Jakarta, Aktual.com — Ketua Dewan Perwakilan Wilayah DKI Jakarta, Kesatuan Nelayan Tradisional Indonesia (KNTI), Muhammad Tohir, mengungkapkan terungkapnya kasus suap yang dilakukan anggota DPRD DKI dengan pengusaha reklamasi membuktikan adanya ketidakberesan dalam pemberian izin reklamasi oleh Pemprov DKI Jakarta.
Satu-satunya jalan agar dikemudian hari tidak lagi terjadi upaya suap oleh pengembang adalah dengan menghentikan proyek reklamasi Teluk Jakarta.
“Dengan terkuaknya masalah ini, ada suap terhadap anggota dewan oleh pengusaha yang akan melakukan proyek, satu-satunya jalan ini harus diberhentikan pembahasan Raperda Zonasi,” terang Tohir kepada Aktual.com, Sabtu (2/4).
“Kalau disepakati, ini akan jadi ancaman untuk negara. Kami apresiasi kerja KPK yang berani menguak adanya permainan dalam pembahasan Raperda Zonasi. KNTI akan terus mendorong agar reklamasi dihentikan, karena imbasnya sangat besar bagi masyarakat pesisir,” lanjutnya.
Disampaikan, terjadinya suap yang dilakukan pengembang terhadap anggota DPRD dalam pembahasan Raperda Zonasi sebenarnya sedari awal dikhawatirkan KNTI. Sebab dari awal diterbitkannya izin reklamasi dari Pemprov DKI Jakarta, KNTI menemukan sejumlah kejanggalan.
Kekhawatiran juga berlaku saat Pemprov DKI mengusulkan pembahasan Raperda Zonasi ke DPRD DKI Jakarta. Seakan-akan, raperda dibuat untuk melindungi nelayan dan masyarakat pesisir, padahal yang sebenarnya berkebalikan.
“Faktanya, sampai hari ini semua dibuat abu-abu, dibuat gelap, berdalih Raperda disampaikan dan dirancang untuk nelayan, faktanya itu sangat-sangat berdampak pada kehidupan nelayan,” jelasnya.
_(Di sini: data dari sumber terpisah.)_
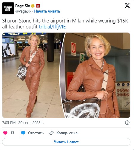 Американская актриса Шэрон Стоун появилась в аэропорту Милана в коричневом кожаном ансамбле от Tod's, а общая стоимость ее образа составила $15 тысяч долларов, пишет Page Six.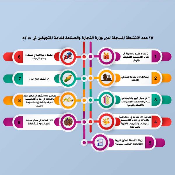 بلغ عدد أنشطة الباعة المتجولين التي تمّ تسجيلها في وزارة التجارة والصناعة خلال الفترة من بداية يناير وحتى نهاية ديسمبر من العام الماضي 214 نشاطا، مقارنة بـ 137 نشاطا تم تسجيلها خلال الفترة ذاتها من العام 2017.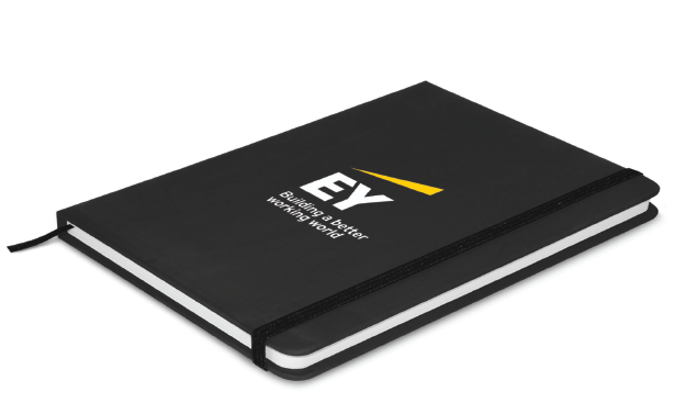 Smart medium-size notebook with 80 leaves (160 pages) of 70gsm lined white paper and a hard cover PU cover. It has an elastic closure band and a bookmark ribbon.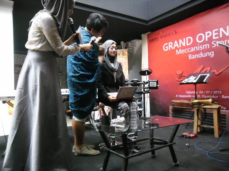 Ketika saya tiba disana, tempat itu sudah ramai oleh tamu undangan, kru, perwakilan dari berbagai media yang meliput, dan tak ketinggalan beberapa kompasianer Bandung yang sudah hadir. Sebagai public figure yang menjadi sentral perhatian, sore itu Zaskia Mecca tampak anggun dalam balutan jilbab cokelat muda. Tasya Nur Medina, sang kakak, tampak manis dalam balutan busana biru. Kedua bersaudari ini tengah menjadi tuan rumah bagi para undangan yang hadir dalam acara Grand Opening Meccanism Store cabang Bandung. Setelah sukses membuka 7 butik di berbagai kota, Meccanism Store Bandung ini merupakan butik kedua yang ditangani langsung oleh Zaskia. Zaskia menuturkan, belajar dari pengalaman bisnis sebelumnya yang sempat kewalahan menangani orderan, pembukaan Meccanism Store Bandung ini sudah dipersiapkan dengan lebih matang.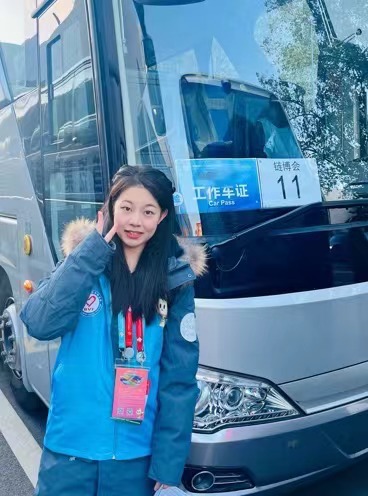 很荣幸这次能成为中国首届链博会志愿者的一员,在临近毕业之际弥补了在校期间一直未能参与大型活动志愿服务的缺憾!在工作中我们北外志愿者主要负责在远端集结点接待贵宾与外宾,展会期间也间或承担接待领导贵宾的部分工作。志愿工作给我带来的不仅是沟通交流能力的提升,在工作中我同样拓宽了自己的视野。链博会玲琅的展品、超前的科技与设想让我惊叹,印象最深的是小鹏汽车的“陆地航母”飞行汽车,四旋翼结构、流线车体与极富未来感的设计给人一种科幻照进现实的独特体验。在接待外宾的任务中我也同样感受到了对国家形象的责任和使命感,也更加深刻地认识到了自己身为中国人的自豪和自信!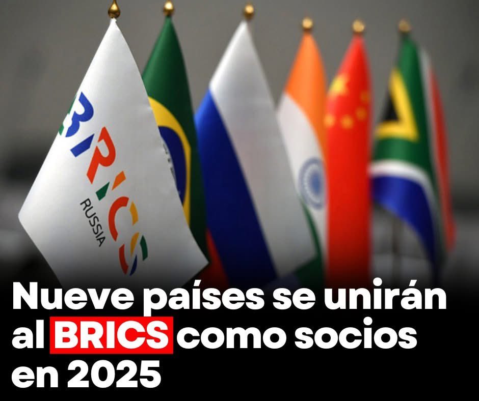 Nueve países se unirán al BRICS como socios en 2025 A partir del 1 de enero de 2025, nueve países se unirán al #BRICS como socios: Bolivia, Bielorrusia, Cuba, Uganda, Uzbekistán, Indonesia, Kazajistán, Malasia y Tailandia. Cancillería rusa: Tenemos previsto establecer una estrecha cooperación con los Estados socios con el fin de implicarlos lo más eficazmente posible en la cooperación dentro del grupo. Desde el Ministerio de Asuntos Exteriores ruso indicaron también que cuatro países más fueron invitados a unirse al BRICS en calidad de socios.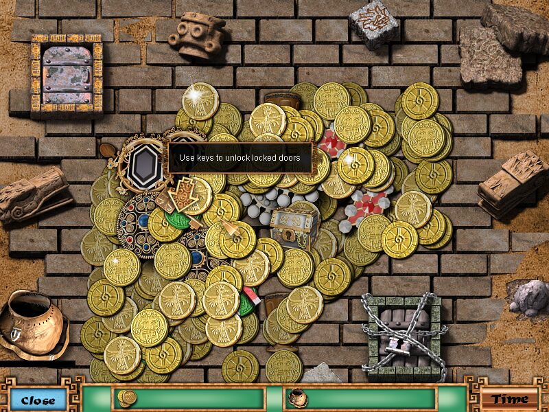 Inca Tomb delivers a straightforward yet addictive puzzle experience. At the core of each level lies a towering pile of gleaming gold coins, concealing precious Incan jewelry and relics. Your primary task is to click away coins from the top of the stack until the buried artifacts are revealed. Once an item is fully exposed, you drag and drop it into your open backpack. Clearing every relic triggers one of the exit hatches to open, granting access to the next tomb or a bonus mini-game.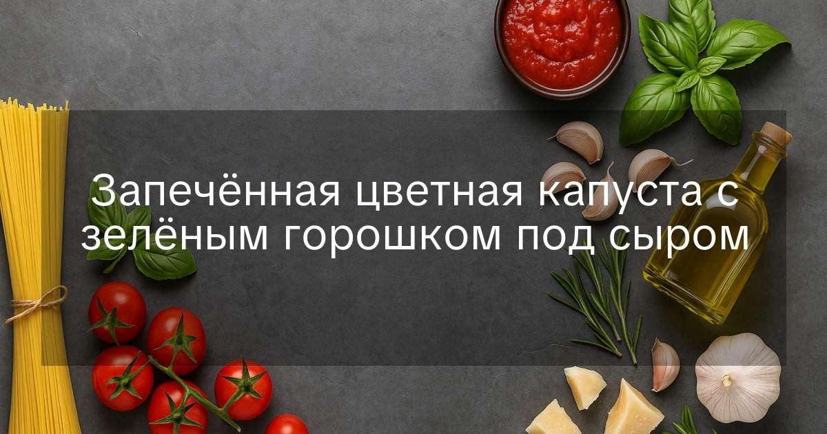 Это блюдо порадует вас своим ярким вкусом и ароматом. Запечённая цветная капуста с зелёным горошком под сыром — простое и полезное угощение, которое можно подать как на завтрак, так и на ужин. Время подготовки: 10 мин. Время приготовления: 20 мин. Количество порций: 1 шт. Вид кухни: русская Назначение: диетические блюда В чём готовить: в духовке Горошек зелёный свежий — 30 г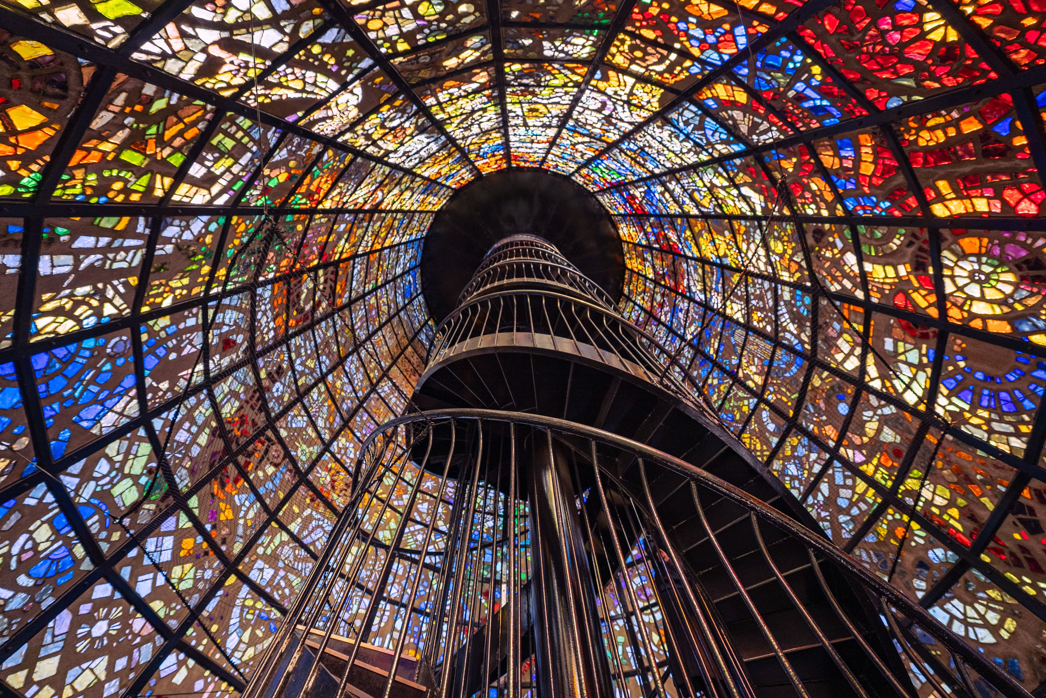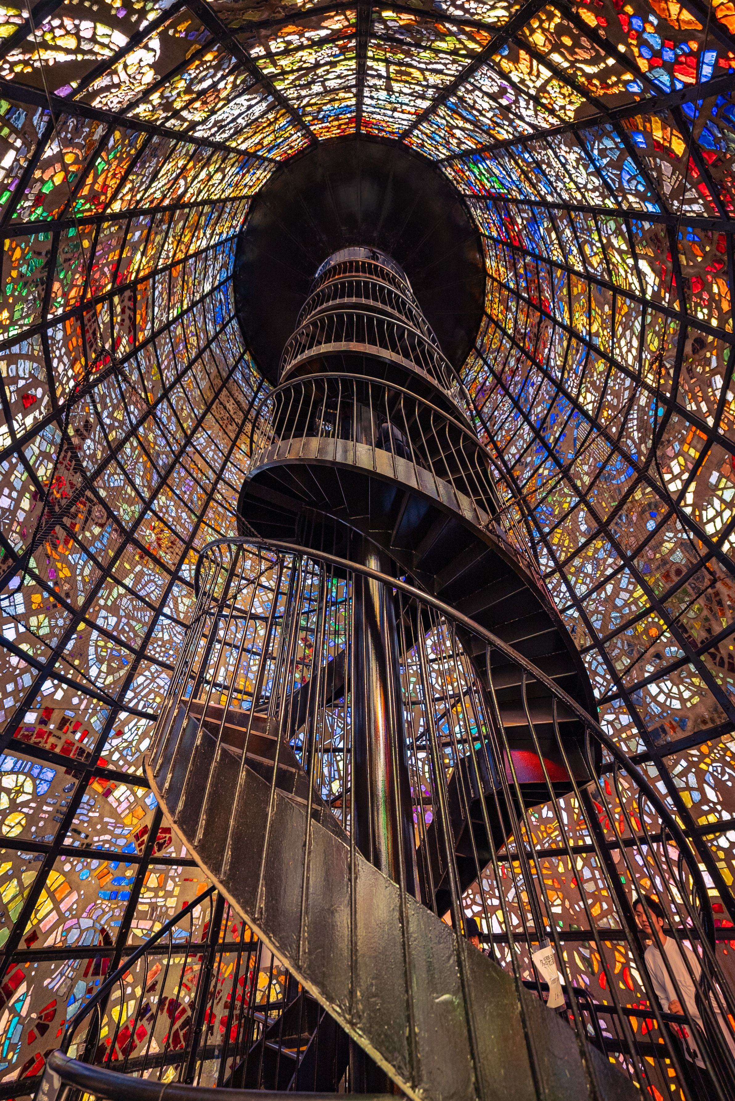 最近、螺旋階段を一つのテーマにしていたが、当初から、「彫刻の森」の螺旋階段を撮りたくて仕方なかった。 箱根彫刻の森「幸せをよぶシンフォニー彫刻」である。 ステンドグラスの輝く光に包まれた螺旋階段は、大いに楽しませてくれた。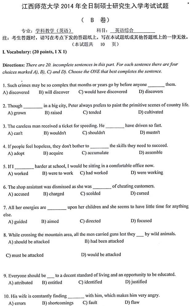 1. [电子书]江西师范大学外国语学院《827英语综合》历年考研真题汇总(含部分答案)
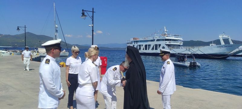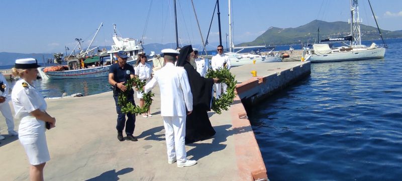 Μετά την απόλυση της Θείας Λειτουργίας, ο Σεβασμιώτατος συμμετείχε στην επιμνημόσυνη δέηση, που διοργάνωσε το Λιμεναρχείο Αιδηψού, ενώπιον του μνημείου του αφανούς ναύτη, στο λιμάνι της Λουτροπόλεως.
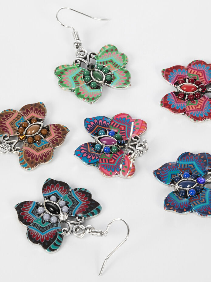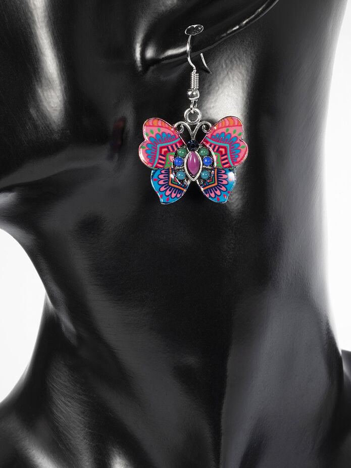 Stylové náušnice ve tvaru motýlka. Náušnice jsou krásně barevné, visací a z obecného kovu.Udělejte si i vy radost tímto kouzelným doplňkem, který oživí každý outfit!

Kamis (31/3) kemarin, Komisi Pemberantasan Korupsi melakukan operasi tangkap tangan (OTT) kasus suap pembahasan Raperda Zonasi. Dari OTT tersebut, KPK menetapkan tiga tersangka masing-masing M Sanusi dari DPRD DKI dan dua dari pengembang PT Agung Podomoro Land (APL), Ariesman Widjaja selaku Presiden Direktur PT APL dan Trinanda Prihantoro selaku karyawan PT APL.